11. The method of claim 10, wherein the partial pressure of nitrogen in the chamber is at least equal to 8: 1 and at least equal to the partial pressure of argon therein. 12. The method of claim 11, wherein the nitrogen-containing iridium oxide film contains about 2-20 atomic% nitrogen. 13. The method of claim 11, wherein the substrate and iridium metal target are separated by a distance of about 3-6 inches. 14. The total gas pressure in the chamber during sputtering is in the range of about 5-100 mtorr.
The method described in 1. 15. The method of claim 14, wherein the chamber pressure is in the range of 40-75 mtorr. 16. The method of claim 14, wherein the substrate is selected from the group consisting of glass and organic polymers. 17. The method of claim 14, wherein the surface of the substrate provided in step (a) has a coating of electrically conductive metal oxide film. 18. The method of claim 17, wherein the electrically conductive metal oxide is selected from the group consisting of tin oxide and indium / tin oxide. 19. A) a first transparent substrate having a first layer of an electrically conductive metal oxide film and a second layer of an electrochromic film on its surface; b) an electrically conductive metal oxide on its surface. Film first
A second transparent substrate having a layer and a second layer of electrochromically active nitrogen-containing iridium oxide film; c) provided between and in contact with the electrochromic film and the iridium oxide film. An electrochromic article having an ion conductive layer; 20. The first and second transparent substrates are selected from the group consisting of glass and organic polymers.
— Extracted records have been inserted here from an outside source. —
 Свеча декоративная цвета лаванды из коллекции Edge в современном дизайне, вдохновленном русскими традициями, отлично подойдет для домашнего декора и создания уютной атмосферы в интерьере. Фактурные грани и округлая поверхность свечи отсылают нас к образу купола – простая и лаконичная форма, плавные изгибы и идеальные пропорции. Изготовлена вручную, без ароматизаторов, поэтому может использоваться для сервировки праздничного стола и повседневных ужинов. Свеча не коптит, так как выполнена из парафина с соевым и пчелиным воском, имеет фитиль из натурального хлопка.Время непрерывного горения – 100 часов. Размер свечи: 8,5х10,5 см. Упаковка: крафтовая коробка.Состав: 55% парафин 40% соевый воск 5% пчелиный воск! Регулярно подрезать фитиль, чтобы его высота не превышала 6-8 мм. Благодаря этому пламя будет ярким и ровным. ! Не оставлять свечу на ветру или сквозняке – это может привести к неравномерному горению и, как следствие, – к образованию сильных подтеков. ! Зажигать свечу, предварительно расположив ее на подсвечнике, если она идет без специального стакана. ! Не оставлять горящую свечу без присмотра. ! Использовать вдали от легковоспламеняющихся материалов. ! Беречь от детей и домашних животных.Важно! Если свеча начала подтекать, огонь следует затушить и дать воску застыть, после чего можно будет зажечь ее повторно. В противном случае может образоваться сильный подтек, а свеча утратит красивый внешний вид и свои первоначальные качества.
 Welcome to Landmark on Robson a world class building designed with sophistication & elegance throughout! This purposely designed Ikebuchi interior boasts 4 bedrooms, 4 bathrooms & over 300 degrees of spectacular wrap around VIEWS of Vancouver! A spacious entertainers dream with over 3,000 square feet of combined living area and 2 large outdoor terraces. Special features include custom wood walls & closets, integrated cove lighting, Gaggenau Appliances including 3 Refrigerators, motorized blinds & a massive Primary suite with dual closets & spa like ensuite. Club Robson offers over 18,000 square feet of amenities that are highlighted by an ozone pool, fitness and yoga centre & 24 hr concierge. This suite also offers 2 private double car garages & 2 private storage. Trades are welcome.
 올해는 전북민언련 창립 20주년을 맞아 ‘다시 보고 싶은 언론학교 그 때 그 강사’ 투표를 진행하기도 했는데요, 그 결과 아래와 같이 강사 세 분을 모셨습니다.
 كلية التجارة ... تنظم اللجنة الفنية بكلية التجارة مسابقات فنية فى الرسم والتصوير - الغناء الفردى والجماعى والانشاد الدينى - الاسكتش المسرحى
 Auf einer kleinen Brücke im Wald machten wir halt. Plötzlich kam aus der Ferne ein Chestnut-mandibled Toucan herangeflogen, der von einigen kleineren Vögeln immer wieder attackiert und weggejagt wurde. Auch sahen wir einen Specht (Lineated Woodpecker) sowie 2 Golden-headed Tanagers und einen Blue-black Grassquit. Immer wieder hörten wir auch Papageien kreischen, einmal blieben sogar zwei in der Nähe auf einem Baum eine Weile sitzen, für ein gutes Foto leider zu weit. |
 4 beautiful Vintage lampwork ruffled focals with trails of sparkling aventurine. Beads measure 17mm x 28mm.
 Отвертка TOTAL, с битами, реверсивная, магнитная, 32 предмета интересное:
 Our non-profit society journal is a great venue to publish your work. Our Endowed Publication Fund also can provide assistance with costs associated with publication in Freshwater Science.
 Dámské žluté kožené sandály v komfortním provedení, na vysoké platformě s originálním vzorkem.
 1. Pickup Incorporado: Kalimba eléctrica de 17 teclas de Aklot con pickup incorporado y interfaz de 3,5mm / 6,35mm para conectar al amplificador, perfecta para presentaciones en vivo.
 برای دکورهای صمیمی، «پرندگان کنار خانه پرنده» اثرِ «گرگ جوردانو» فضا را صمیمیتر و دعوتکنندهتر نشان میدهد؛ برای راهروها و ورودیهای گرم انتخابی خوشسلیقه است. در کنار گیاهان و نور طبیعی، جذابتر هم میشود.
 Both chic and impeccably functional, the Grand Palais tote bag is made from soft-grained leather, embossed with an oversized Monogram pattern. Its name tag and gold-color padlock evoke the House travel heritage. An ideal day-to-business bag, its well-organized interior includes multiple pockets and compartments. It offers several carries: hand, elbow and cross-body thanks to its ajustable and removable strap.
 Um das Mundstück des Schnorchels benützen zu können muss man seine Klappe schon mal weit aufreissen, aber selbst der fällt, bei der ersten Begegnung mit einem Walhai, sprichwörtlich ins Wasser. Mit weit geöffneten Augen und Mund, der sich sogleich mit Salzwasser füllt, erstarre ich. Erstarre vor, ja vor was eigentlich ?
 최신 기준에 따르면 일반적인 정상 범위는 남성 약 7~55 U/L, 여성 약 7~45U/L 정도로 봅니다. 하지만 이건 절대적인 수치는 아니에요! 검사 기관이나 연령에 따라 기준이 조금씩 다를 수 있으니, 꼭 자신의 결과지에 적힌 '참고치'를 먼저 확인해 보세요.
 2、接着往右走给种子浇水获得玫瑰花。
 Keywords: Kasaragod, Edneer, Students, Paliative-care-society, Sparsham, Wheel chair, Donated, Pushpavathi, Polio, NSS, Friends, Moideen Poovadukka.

Item 9. 21. The article of claim 19, wherein the electrically conductive metal oxide film is selected from the group consisting of fluorine-doped tin oxide and tin-doped indium oxide. 22. The article of claim 19, wherein the electrochromic film is selected from tungsten oxide and compounds of tungsten oxide. 23. The iridium oxide film is 4
20. The article of claim 19 containing .about.12 atomic% nitrogen. 24. The iridium oxide film is 1
20. The article of claim 19 containing 2-18 atomic% nitrogen. 25. The electrically conductive metal oxide film is tin-doped iridium oxide, the electrochromic film is tungsten oxide, and the iridium oxide film contains 4-18 atomic% nitrogen. The listed supplies. 26. The article of claim 25, wherein the transparent substrate is selected from the group consisting of glass and organic polymers. 27. The transparent substrate is an organic polymer,
27. The article of claim 26, wherein an adhesion improving organic polymer primer is provided between the respective interfaces of the surface of the electrically conductive metal oxide film and the transparent substrate.